From the economy and taxes to Medicare and gay marriage, the pair clashed during the hour-long televised debate sponsored by WGN-TV.

The first debate in the closely watched race to represent Illinois' redrawn 8th District highlighted the stark differences between outspoken Chicago-area Republican Congressman Joe Walsh and his Democratic challenger, Iraqi war veteran Tammy Duckworth.

From the economy and taxes to Medicare and gay marriage, the pair clashed during the hour-long televised debate sponsored by WGN-TV. Their race is attracting national attention since Democrats see it as an easy opportunity to win a seat in their fight to regain control of the U.S. House.

Walsh repeatedly referred to the nation's deficit, accusing President Barack Obama's administration of making it worse. He said the best way to reduce it was through tax reductions and job creation.

"I believe you increase revenue by cutting taxes,'' Walsh said, adding that an increase in the number of people holding jobs would also boost revenue.

Duckworth agreed that the debt must be reduced, but said it should be done with cuts in defense spending and an end to tax breaks for millionaires, oil companies and agribusiness.

"Don't balance the budget on the backs of the less fortunate,'' said Duckworth, a former assistant Veterans Affairs secretary in Obama's administration.

Walsh was elected to Congress in 2010, winning a close contest over three-term Democrat Melissa Bean. But his district was redrawn during the latest redistricting, putting him in the same area as first-term Republican Rep. Randy Hultgren. Party leaders asked Walsh to move to a district that's closer to Chicago and considered friendlier ground for Democrats.

Duckworth ran unsuccessfully for Congress in 2006 in another district.

Friday's debate opened with a question about gay marriage, which became a national topic of political discussion this week after North Carolina voters adopted a constitutional ban on same-sex marriage and Obama announced his support for gay marriage.

Duckworth said she supported gay marriage, while Walsh said he opposed it.

"It is not the most important issue in this campaign,'' Walsh said, adding that he found it curious the president made his views known after the North Carolina vote.

"I've seen a pattern with this president throwing up issue after issue to distract people from what they care about this year,'' he said.

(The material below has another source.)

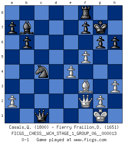Last move : 0-1 2014 April 19 20:14:37 [Event "FICGS__CHESS__WCH_STAGE_1_GROUP_06__000013"] [Site "FICGS"] [Date "2014.03.03"] [Round "1"] [White "Casals,Quim"] [Black "Fierry Fraillon,David"] [Result "0-1"] [WhiteElo "1800"] [BlackElo "1651"] 1.d4 Nf6 2.c4 g6 3.Nc3 d5 4.cxd5 Nxd5 5.e4 Nxc3 6.bxc3 Bg7 7.Bc4 O-O 8.h3 c5 9.Nf3 cxd4 10.cxd4 Nc6 11.Be3 Na5 12.Be2 b6 13.O-O Bb7 14.d5 Qd6 15.Bd4 e6 16.Bxg7 Kxg7 17.dxe6 Qxe6 18.Ng5 Qe7 19.f4 Rad8 20.Qe1 h6 21.f5 Qxg5 22.Bf3 Rd2 23.Rf2 Nc4 24.Rc1 Rxf2 25.Qxf2 Qxc1+ 0-1 King's Indian defense, 3.Nc3 Kingside Castling by player Black (move 7) Kingside Castling by player White (move 13) Player Black won this chess game. Follow this game move after move (download)First-class players lose to second-class players because second-class players sometimes play a first-class game. (Siegbert Tarrasch) Die Auseinandersetzung mit Karpow war politisch geprägt. Er stand für das kommunistische System, wurde von dessen Repräsentanten gehätschelt. Ich war der Oppositionelle. Jeder Schachweltmeister spiegelt auch die gesellschaftlichen Verhältnisse wider. Kramnik steht für die Börsen-Generation des Neuen Markts, ideologiefrei, zahlenfixiert. (Garry Kasparov) El jugador táctico debe saber que hacer cuando algo se debe de hacer. El estratégico debe saber que hacer cuando nada se debe de hacer. (Savielly Tartakover) Plusieurs personnes se sont demandées comment Tal faisait pour gagner... En fait, c'est très simple ! Il met ses pièces au centre de l'échiquier et les sacrifie quelque part ! (David Bronstein) Memory is a way of holding onto the things you love, the things you are, the things you never want to lose. (from the television show: The Wonder Years)

Walsh said it was time for the Congress to deal with the deficit and the problems with Medicaid and Medicare, arguing that the economy "is in worse shape it's been since the Depression.''

Duckworth contended that Walsh has failed to come up with any solutions to the nation's problems, saying he has lived up to his promise to be the poster child for the tea-party movement.

"There hasn't been a crackpot tea party issue he hasn't backed,'' she asserted.

In her closing remarks, Duckworth said she spent her entire life living up to her responsibilities and serving the nation.

"I'm not going to Washington to say yes to Obama or no to (U.S. House) Speaker (John) Boehner,'' she said, adding that there's a need for someone to work hard for the residents of the 8th District.

Walsh said he's the candidate who would get work done in Congress. He said if voters don't want to do anything about the growing problems of Medicare and the deficit, then he wasn't their guy.